> **Given information**
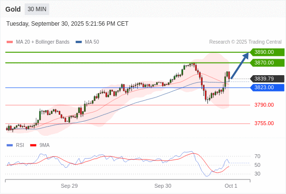 在 3823.00 之上,看涨,目标价位为 3870.00 ,然后为 3890.00 。
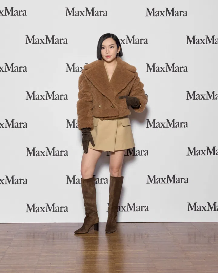 Willabelle以Max Mara焦糖色外套搭配米色短裙与麂皮长靴,整体色调温暖柔和,轻松展现秋冬优雅质感。
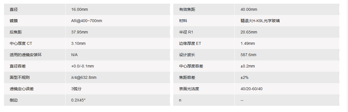 GRAND UNIFIED联合光科 D=16.00mm F=40.00mm VIS K9平凸透镜 手机/微信:13682357549 13246646513 QQ:672776553 564600083 1903656788 Email:672776553@qq.com 564600083@qq.com
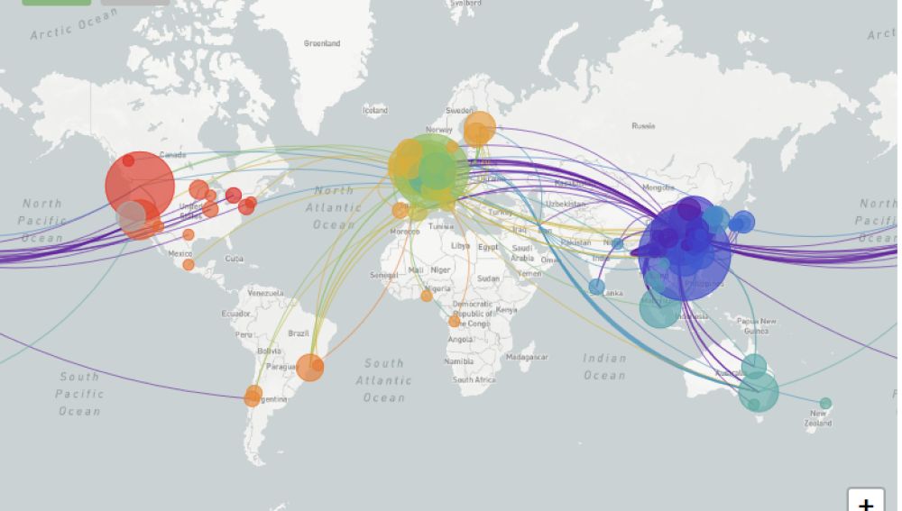 Nextstrain muestra —también gráficamente— el análisis de 512 genomas de pacientes de 33 países en cinco continentes, y la cifra crece día a día. Desde el pasado viernes España ya está en los mapas de Nextstrain de los movimientos del coronavirus, y no —desde luego— porque el virus no estuviera antes aquí, sino porque aún no había ninguna secuencia de pacientes españoles. Las primeras las ha incorporado el grupo de Fernando González, del Servicio de Secuenciación y Bioinformática y el grupo de investigación en Epidemiología Molecular de FISABIO, en Valencia.

> **What this task involves**
Copy nothing but the lines from the line that contains "Willabelle以Max" through the end of the listing, exactly, and keep pictures out of it.

> **Output of the task**
 Willabelle以Max Mara焦糖色外套搭配米色短裙与麂皮长靴,整体色调温暖柔和,轻松展现秋冬优雅质感。
 GRAND UNIFIED联合光科 D=16.00mm F=40.00mm VIS K9平凸透镜 手机/微信:13682357549 13246646513 QQ:672776553 564600083 1903656788 Email:672776553@qq.com 564600083@qq.com
 Nextstrain muestra —también gráficamente— el análisis de 512 genomas de pacientes de 33 países en cinco continentes, y la cifra crece día a día. Desde el pasado viernes España ya está en los mapas de Nextstrain de los movimientos del coronavirus, y no —desde luego— porque el virus no estuviera antes aquí, sino porque aún no había ninguna secuencia de pacientes españoles. Las primeras las ha incorporado el grupo de Fernando González, del Servicio de Secuenciación y Bioinformática y el grupo de investigación en Epidemiología Molecular de FISABIO, en Valencia.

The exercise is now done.